Member of the Florida House of Representatives
- In office November 5, 1974 – November 8, 1988
- Preceded by: Gary R. Cunningham
- Succeeded by: Richard S. Graham
- Constituency: 30th district (1974–1982) 28th district (1982–1988)

Personal details
- Born: May 21, 1939 Charleston, West Virginia, U.S.
- Died: March 14, 2023 (aged 83)
- Party: Democratic
- Education: Dartmouth College Duke University

= Sam Bell (Florida politician) =

American politician (1939–2023)

Samuel P. Bell III (May 21, 1939 – March 14, 2023) was an American politician. He served as a Democratic member for the 28th and 30th district of the Florida House of Representatives.

== Life and career ==
Bell was born 	May 21, 1939 in Charleston, West Virginia to minister and teacher Sam Bell. He attended Dartmouth College and Duke University.

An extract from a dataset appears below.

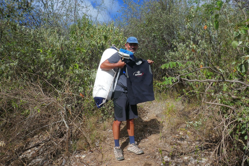 Le Capitaine récupère dans les laisses de mer ce qui peut être utile… pare-battage, top de plongée, balai brosse !
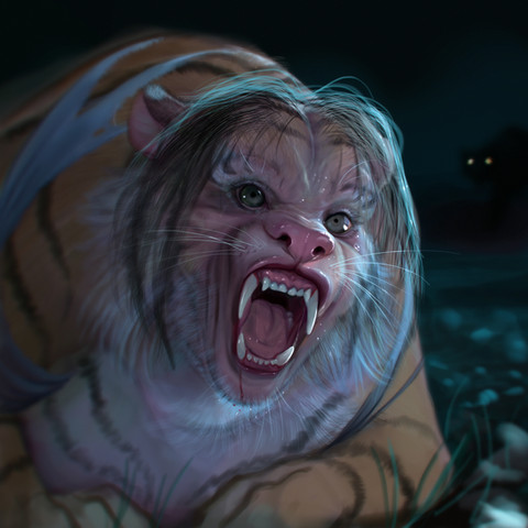 Thanks for the insight into puppy teeth. I've met young dogs with double fangs before. It looks pretty painful, poor things. I heard in some case they have to get the baby fangs removed. I like to imagine that in werewolves the cursed person's fangs grow inside their skull all month like adult teeth and then they erupt when they transform. I took reference from a bunch of stock photos of wolves yawning. I'm glad to hear I somewhat drew something realistic, as far as supernatural beings go.

In 1974, Bell was elected to represent the 30th district of the Florida House of Representatives, succeeding Gary R. Cunningham. He served until 1982, when he was succeeded by Tom Brown. In the same year, he was elected to represent the 28th district, succeeding Hamilton Upchurch. He served until 1988, when he was succeeded by Richard S. Graham.

Bell died on March 14, 2023, at the age of 83.